RPE cells are a source of VEGF [8,19]. Both hypoxia and extracellular hyperosmolarity are known to stimulate the expression and secretion of VEGF in RPE cells [43]. We observed that exogenous VEGF caused a decrease of the Kir4.2 gene expression in cultured RPE cells (Figure 6a) and that a selective blocker of VEGF receptor-2 (SU1498) increased the Kir4.2 mRNA level under control, hyperosmotic, and chemical hypoxia conditions (Figure 6c–e). The latter suggests that autocrine/paracrine VEGF signaling suppresses the Kir4.2 gene expression under these conditions. We also observed that blood factors (i.e., FBS and thrombin) decreased the Kir4.2 gene expression (Figure 6b). Since VEGF is a factor which triggers a breakdown of the blood-retinal barrier (e.g., in neovascular AMD and diabetic retinopathy) [20], the data may suggest that VEGF induces a downregulation of Kir4.2 in RPE cells via two mechanisms: by a direct VEGF receptor-mediated effect and by an indirect effect through the breakdown of the blood-retinal barrier which permits a flux of blood constituents into the retina. Downregulation of Kir4.2 by VEGF may contribute to decreased viability of RPE cells under pathological conditions (e.g., to the pathogenesis of geographic atrophy in AMD eyes).

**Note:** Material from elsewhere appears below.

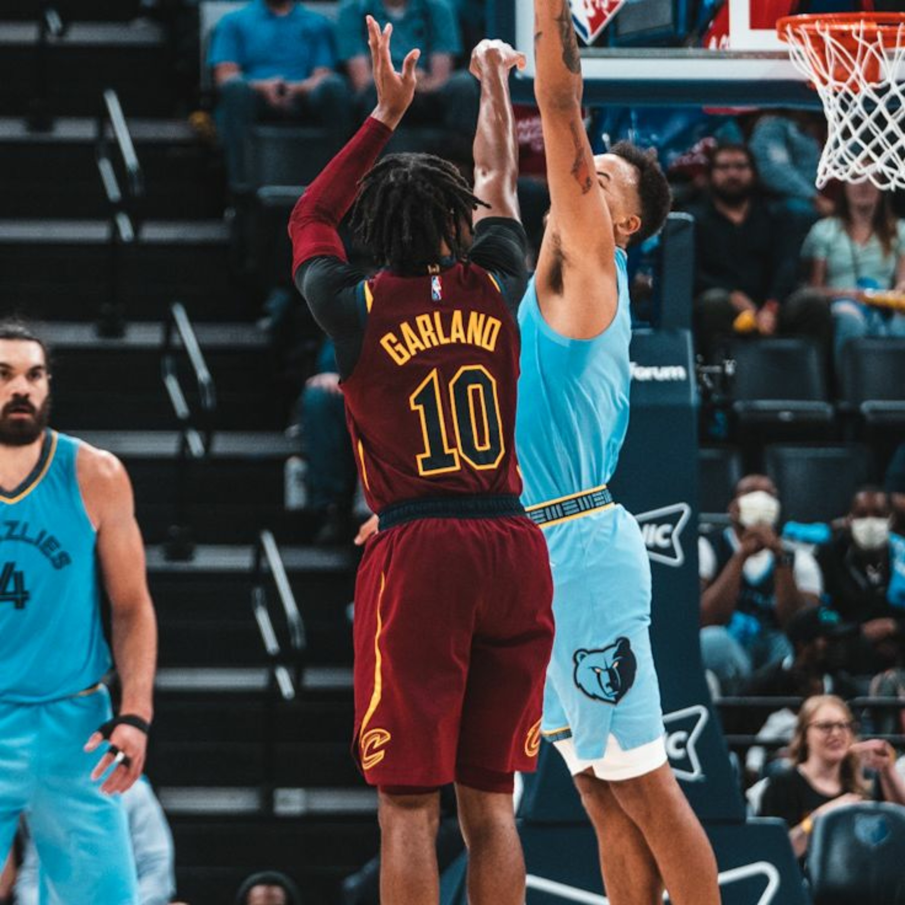 Darius Garland knocks down a late triple to keep the Cavs in the game against the Grizzlies in the season opener.
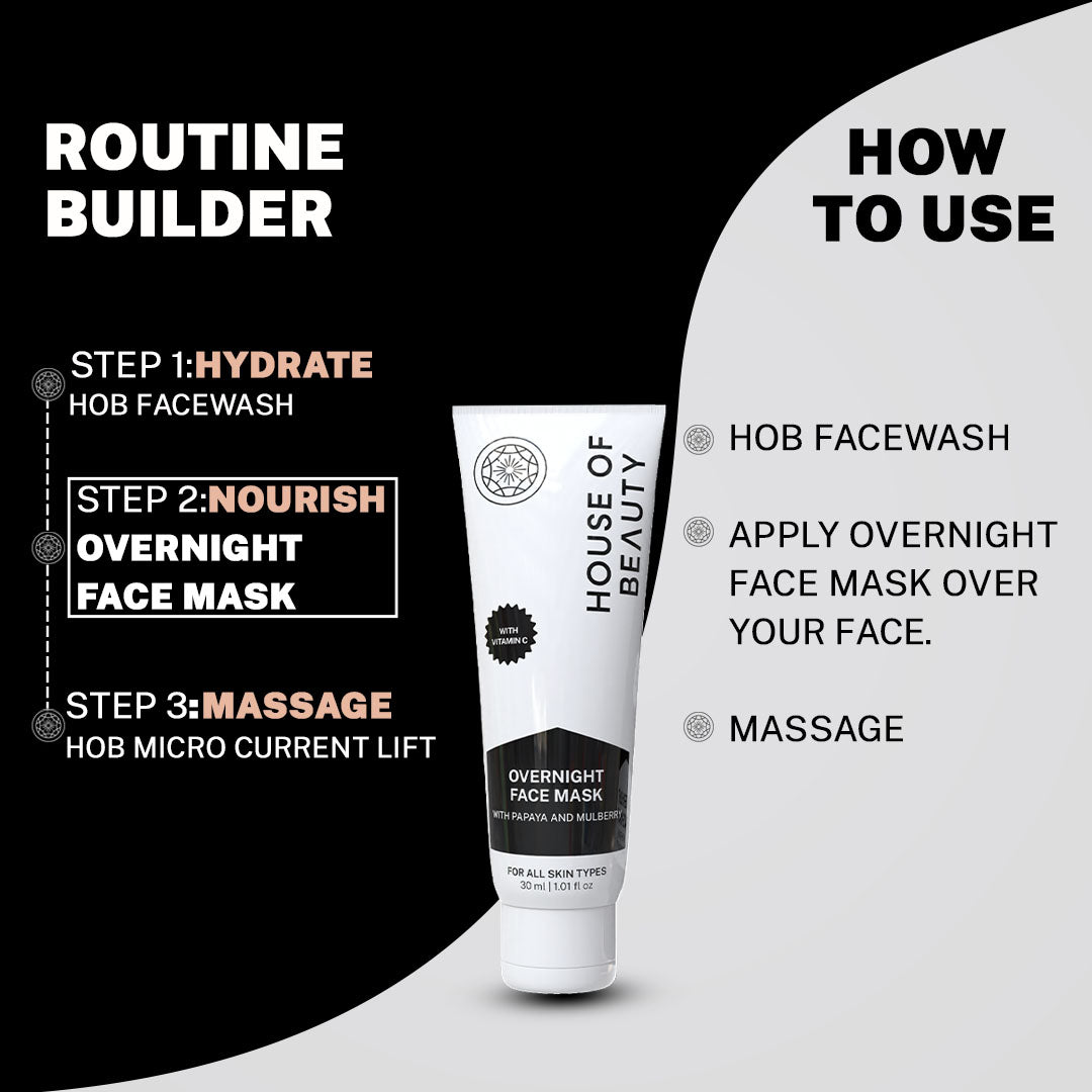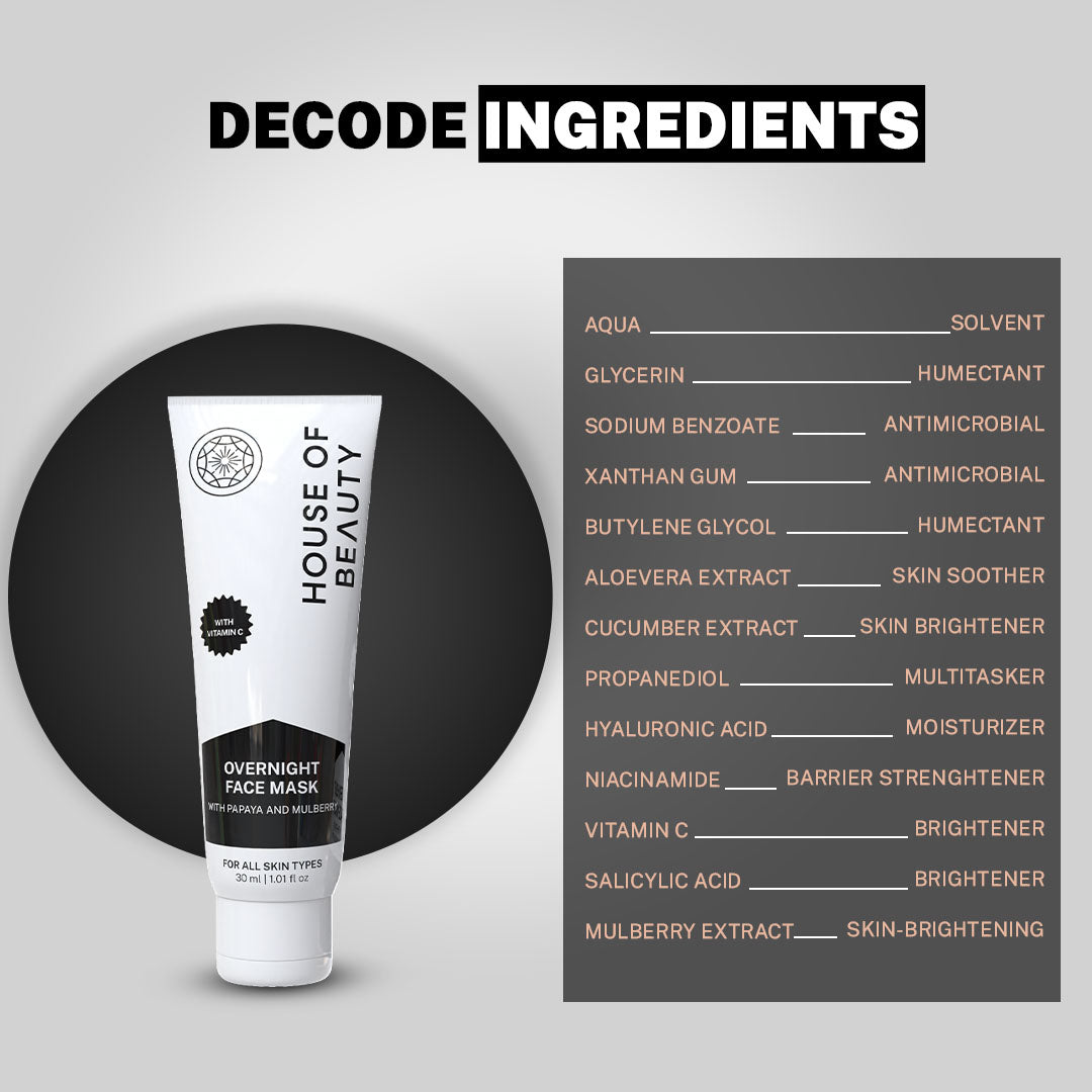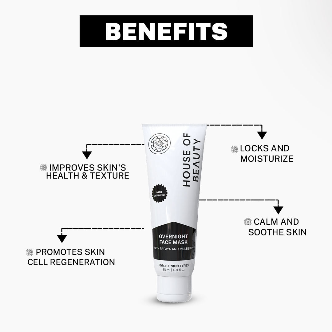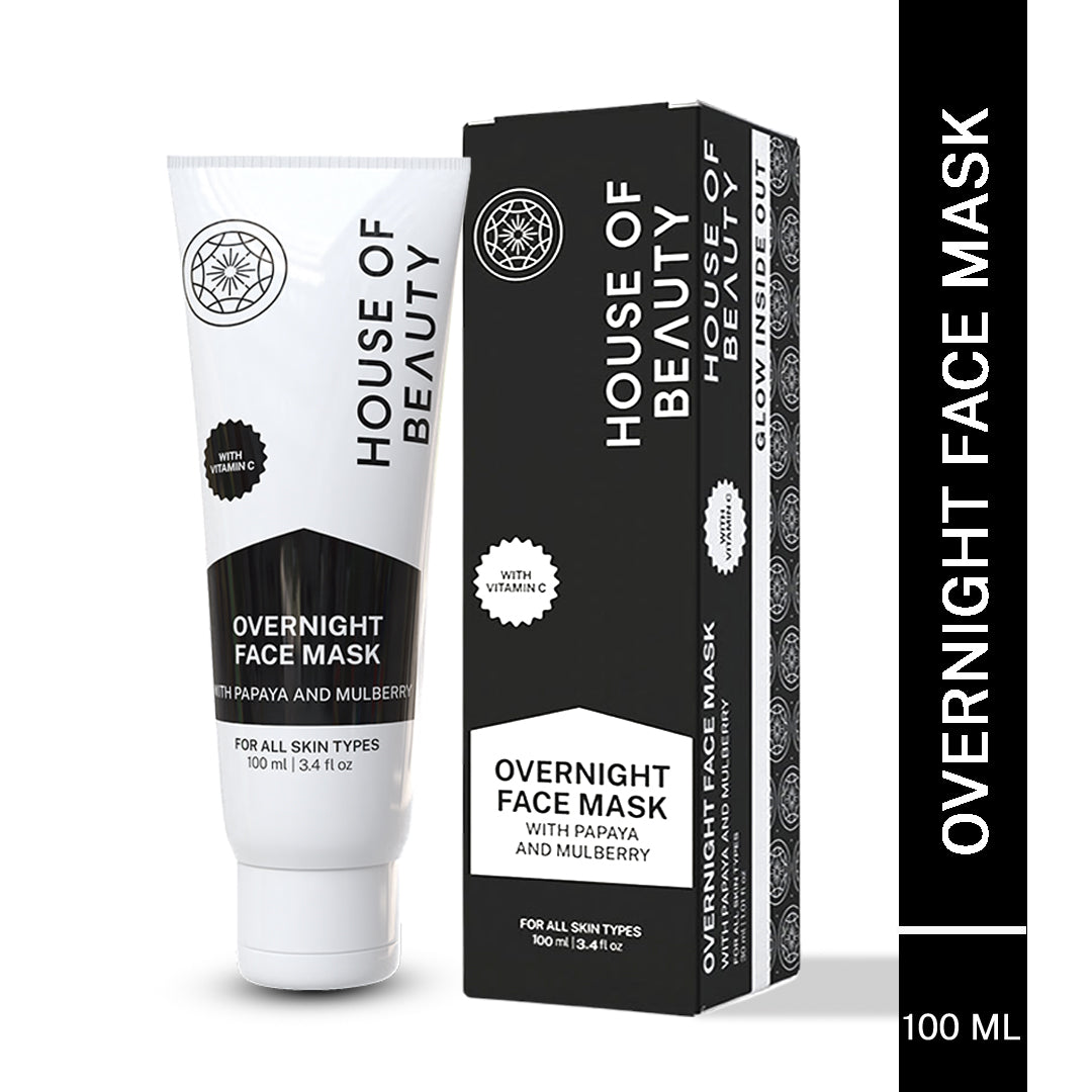 All the environmental factors aggravate the persisting skin conditions like acne, hyperpigmentation and signs of ageing. Need a mild skin detox treatment? Presenting House of Beauty’s Overnight Face Mask with super ingredients like Mulberry, Papaya Extract and Niacinamide which provides care to your face and rejuvenates your skin cells. It overcomes skin discoloration and hyperpigmentation and sloughs the dead skin cells off the face unveiling a healthy glowing skin. Enriched with Vitamin C, it helps diminish signs of ageing like fine lines & wrinkles along with protection from sun damage. The hydrators- Aloe Vera, Cucumber and Hyaluronic Acid further nourish the skin and help lock in the moisture.

Activated RPE cells in retinal diseases such as AMD, diabetic retinopathy, and proliferative vitreoretinopathy are characterized by altered physiological properties which include decreased viability, cell scattering, proliferation, and migration through the retinal and choroidal tissues [8,9,10,11,12,13,14,15,16]. We found that knockdown of Kir4.2 decreased the proliferation rate and viability of cultured RPE cells under control and hyperosmotic conditions (Figure 7c,d). Kir4.2 knockdown also decreased slightly both parameters under CoCl2-induced hypoxic conditions (Figure 7c,d). The data suggest that Kir4.2 channels play a role in the maintenance of the viability and proliferation of RPE cells. RPE cells express a variety of Kir channel genes (Figure 1a,b); therefore, it cannot be ruled out that the effects of Kir4.2 knockdown are partly compensated by the activities of other Kir channel types. In many cell systems, potassium channels play crucial roles in the regulation of cell proliferation and viability [49,50]. Potassium channels are implicated in the signal transduction evoked by cell-cycle checkpoints [49]. By keeping the resting membrane potential at hyperpolarized values [4], Kir channels provide the precondition for the regular activity of voltage-dependent sodium and calcium channels and the driving force for calcium influx; the latter is important for the calcium-dependent control of the cell cycle [51]. The strong increase of the cellular level of Kir4.2 mRNA induced by the sodium channel blocker tetracaine (Figure 3h) might reflect a functional relationship between Kir4.2 channels and voltage-gated sodium channels. Further research is needed to identify the mechanisms how Kir4.2 channels contribute to the maintenance of RPE cell proliferation and viability.

5. Conclusions

Human RPE cells express a diversity of Kir channel genes; the expression levels of seven genes are decreased in cultured (dedifferentiated) cells compared to acutely isolated (differentiated) cells. The expression of Kir4.1 and Kir4.2 genes in cultured cells is upregulated in hypoxia; Kir4.2 gene expression is also stimulated by alterations of the extracellular osmolarity. The expression of the Kir4.2 gene is regulated by growth and blood factors; VEGF, FBS, and thrombin decrease the Kir4.2 gene expression while PDGF, bFGF, and TGF-β1 increase the expression. Autocrine/suppparacrine VEGF receptor-2 signaling also inhibits the expression of the Kir4.2 gene under hyperosmotic and CoCl2-induced hypoxic conditions. siRNA-mediated knockdown of Kir4.2 causes reduction of the viability and proliferation of cultured RPE cells, suggesting a role of the channels in the maintenance of these physiological parameters. It is suggested that downregulation of Kir4.2 by VEGF may contribute to decreased viability of RPE cells under pathological conditions.